My hormone levels were still under 100 but I kept getting mixed messages like: “it’s unlikely that it will rupture” and also, “it can certainly rupture”, and they still couldn’t confirm the diagnosis. I got tired of this lack of clarity and the waiting game took a toll on me. The doctor told me to come back in a week for another ultrasound scan, but I begged her to book me in sooner as I was in pain and the hormone levels weren’t going down. My Latin side came out very strongly and she ended up booking me for a scan with the lead of the pregnancy unit for 48 hours time.
She confirmed a 9mm mass on my left side and said that the hormone levels were going down, so I was put on expectant management. I said to her: “I knew it”, with a broken voice. The fear of rupture felt very present, so I asked her twice if she was sure of doing this. My brother kindly booked me an online consultation with a doctor from back home to get a second opinion, and he agreed with this ‘conservative approach’ so that relaxed me (a bit). Before I went to bed, I would say to myself every day: “I made it through today”. I was just surviving. I was told to get a blood test after a week to monitor the hormone levels.
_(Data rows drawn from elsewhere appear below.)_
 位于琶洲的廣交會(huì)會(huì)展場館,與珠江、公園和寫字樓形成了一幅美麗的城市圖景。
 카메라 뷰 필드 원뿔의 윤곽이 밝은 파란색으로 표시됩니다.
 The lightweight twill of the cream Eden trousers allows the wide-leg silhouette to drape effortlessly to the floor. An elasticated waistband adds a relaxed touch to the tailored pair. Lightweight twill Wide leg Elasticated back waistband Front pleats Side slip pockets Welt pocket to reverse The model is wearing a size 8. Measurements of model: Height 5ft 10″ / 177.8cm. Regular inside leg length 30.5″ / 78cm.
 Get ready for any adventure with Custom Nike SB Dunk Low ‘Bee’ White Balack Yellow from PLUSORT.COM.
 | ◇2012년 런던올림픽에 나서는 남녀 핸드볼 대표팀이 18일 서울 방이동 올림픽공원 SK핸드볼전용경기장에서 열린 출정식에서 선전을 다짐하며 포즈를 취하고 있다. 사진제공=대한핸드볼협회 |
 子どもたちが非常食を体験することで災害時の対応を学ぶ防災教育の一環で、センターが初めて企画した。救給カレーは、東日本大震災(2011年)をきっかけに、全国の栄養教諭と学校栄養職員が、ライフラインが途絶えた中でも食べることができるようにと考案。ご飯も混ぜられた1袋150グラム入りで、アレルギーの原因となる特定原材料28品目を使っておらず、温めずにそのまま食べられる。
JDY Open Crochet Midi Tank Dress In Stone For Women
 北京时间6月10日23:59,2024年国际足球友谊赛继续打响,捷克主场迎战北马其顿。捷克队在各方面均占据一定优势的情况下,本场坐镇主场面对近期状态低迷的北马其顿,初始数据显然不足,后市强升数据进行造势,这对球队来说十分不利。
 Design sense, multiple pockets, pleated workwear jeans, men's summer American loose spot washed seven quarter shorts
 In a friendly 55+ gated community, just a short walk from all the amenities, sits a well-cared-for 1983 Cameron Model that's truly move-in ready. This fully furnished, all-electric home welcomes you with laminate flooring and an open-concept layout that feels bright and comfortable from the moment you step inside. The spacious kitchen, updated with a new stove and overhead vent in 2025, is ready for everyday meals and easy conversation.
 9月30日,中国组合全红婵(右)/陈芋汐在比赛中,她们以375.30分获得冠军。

After a few days, the pain started to get worse, but I was told that it could be because of the pregnancy resolving itself. My mind struggled to assess the severity of the pain and I was also losing patience. I got scared as I felt a strong pain in my abdomen in the afternoon and a dull pain in my left shoulder. My whole arm felt numb, and I had pins and needles, so I was admitted in the gynaecology ward for a night. While my hormones were going down, the size of the mass was still the same. The sonographer told me “It should be reduced by now” but confirmed there was no internal bleeding or rupture. After talking to a doctor, they said that it takes time for the mass to reabsorb (sometimes weeks or even months).
With these mixed messages, but in this chaos, I saw a familiar face, and it was the same nurse again, which felt comforting. She said that she has been following my case, and those words made me emotional. After two days, my hormone levels were negative for pregnancy. When the doctor said: “the ectopic pregnancy is finished”, I burst into tears. Five weeks and three days of living in a nightmare. I was so grateful that I was physically safe and that I had both Fallopian tubes, but I knew that my emotional recovery would take time.
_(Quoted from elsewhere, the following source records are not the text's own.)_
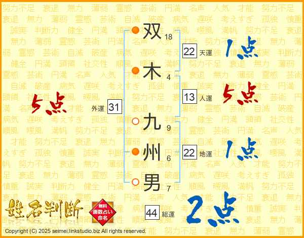双(18画)木(4画) 九(9画)州(6画)男(7画)
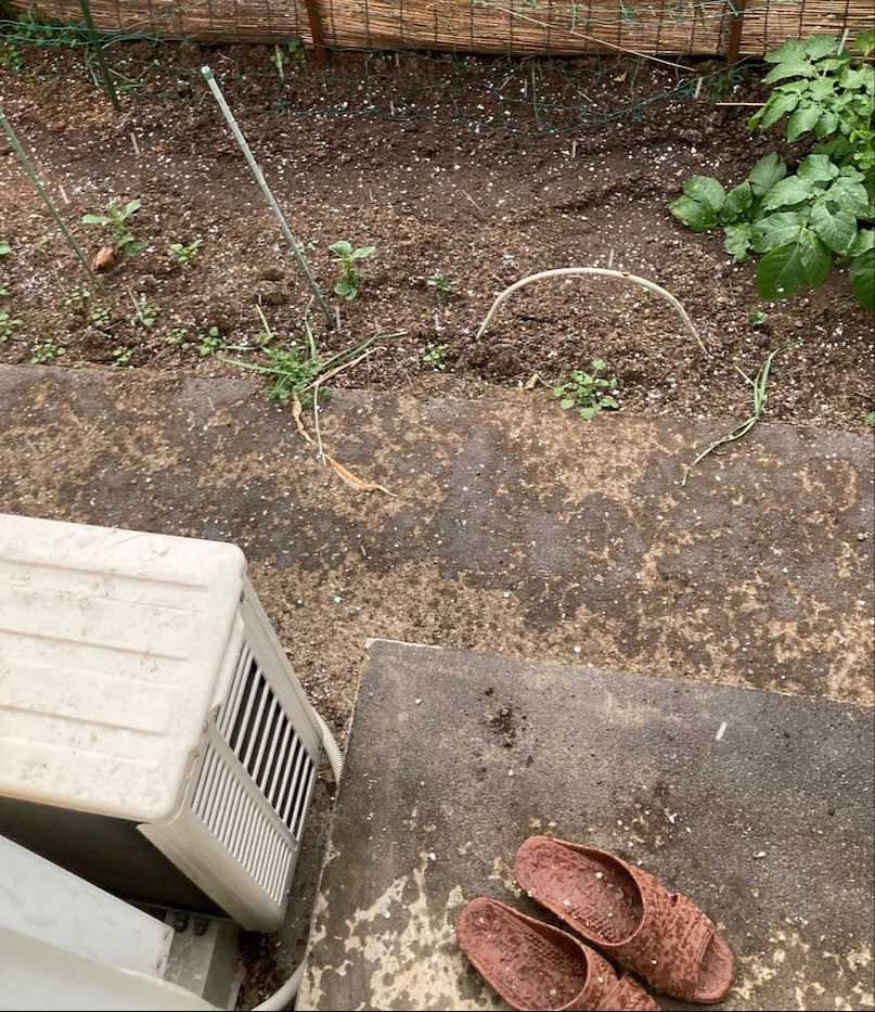 今朝は早朝にはもう雨が降っていた形跡があり洗濯を始めていくらもしないうちにまた降り出すあ〜らら!今日は部屋干しにしないと・・・今日も何があるかわからないので小雨降る中ハガキ配りに回り帰ってくる午後になり明るくなって来たと思ったらそのうち日が差す時間も!庭にとっては程よい雨でソラマメも芽が出始める
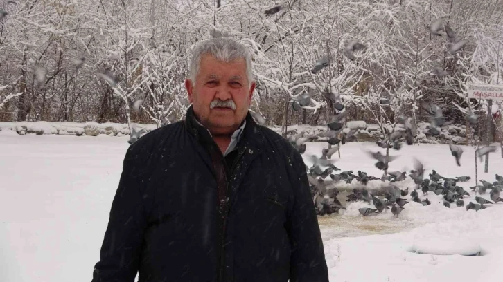 Çelebi, özellikle kar yağışının olduğu günün sabahında gün ağarmadan bahçesindeki alanda karı temizliyor. Daha sonra kuşların korkmaması için de yemleme çalışmasını önceden yapan Çelebi, güneşin doğuşuyla birlikte kanat çırparak gelen misafirlerini büyük bir keyifle izliyor. “Kuşları beslemek çok güzel”
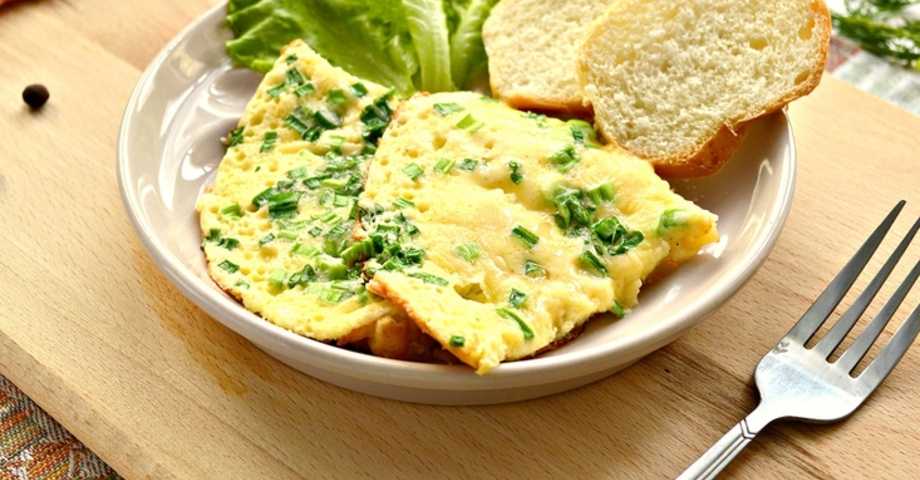 - Когда омлет будет готов, разделите его на порции и подайте на стол.
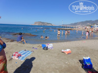 Пляж хороший, песчаный с мелкой галькой. Заход в море нормальный. Море теплое, чистое, были волны, было очень здорово в них купаться. Лежаки и бар платные, но нас это не расстраивало, т.к. когда мы покупали путевку, мы знали об этом. Большинство людей загорали на полотенцах на песке.

It was incredibly hard to find stories of successful expectant management which made me feel even more lonely. I suffer from IBS (Irritable Bowel Syndrome) so the discomfort in my abdominal area made it difficult to understand what was going on. Waiting was the only option. Freedom can sometimes feel like an illusion but my love for my husband was the only thing that gave me hope.
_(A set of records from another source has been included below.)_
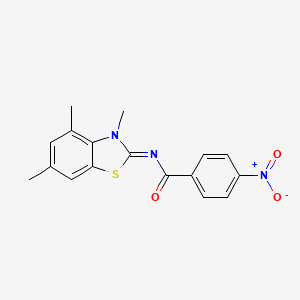 The synthesis of (E)-4-nitro-N-(3,4,6-trimethylbenzo[d]thiazol-2(3H)-ylidene)benzamide typically involves multi-step organic reactions. One common approach starts with the preparation of the benzo[d]thiazole core, followed by the introduction of the nitro group and the benzamide moiety. The reaction conditions often include the use of strong acids or bases, organic solvents, and specific temperature controls to ensure the desired product formation.
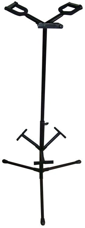 Triple guitar stand that safely supports three guitars on a solid tri leg base and features sturdy safety lock and padded black foam.
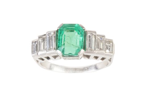 Sortija con esmeralda talla esmeralda de 2,5 ct aprox, flanqueada por tríos escalonados de diamantes talla baguette
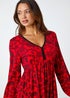 Floral Print Stretch Jersey Dress from Roman. Inject fabulous floral print into your transitional wardrobe with this stretch jersey dress. Cut from a stretch jersey fabric, this dress features a feminine v-neckline with a striking contrast trim and full-length sleeves finished with elasticated cuffs. An empire waistline ensures a flattering fit throughout the knee length, fit and flare skirt. Designed to pull on over-head this dress is adorned in a contrasting floral print. Pair with tights, boots and a leather jacket for chic everyday style!
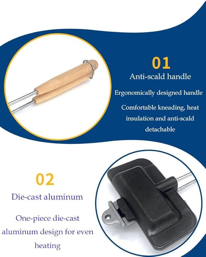 • Easy To Use Ergonomic Design -- Two handles can be locked for cooking, the design of the pie iron stops the ingredients from falling out, unique corrugated edge ensure a firm crimp which making it handy to cook things that generally fall to pieces on a traditional skewer. Just Simply apply oil to the plate of this sandwich maker, place the bread, fill with your favorite ingredients, lock the handes and bake on the stove, the two-tone color design prevents wrong flipping when grilling.

I would always be forever grateful to my friends in the UK and from back home, my brothers, my therapist, and of course, my partner and my mum’s love. I’m here writing this thanks to their support and care. I only hope that my story can help other women to feel a little bit less lonely as reading others helped me to go through one of the most difficult experiences in my life. I don’t know if this end does its justice, but I’m truly amazed by the female body.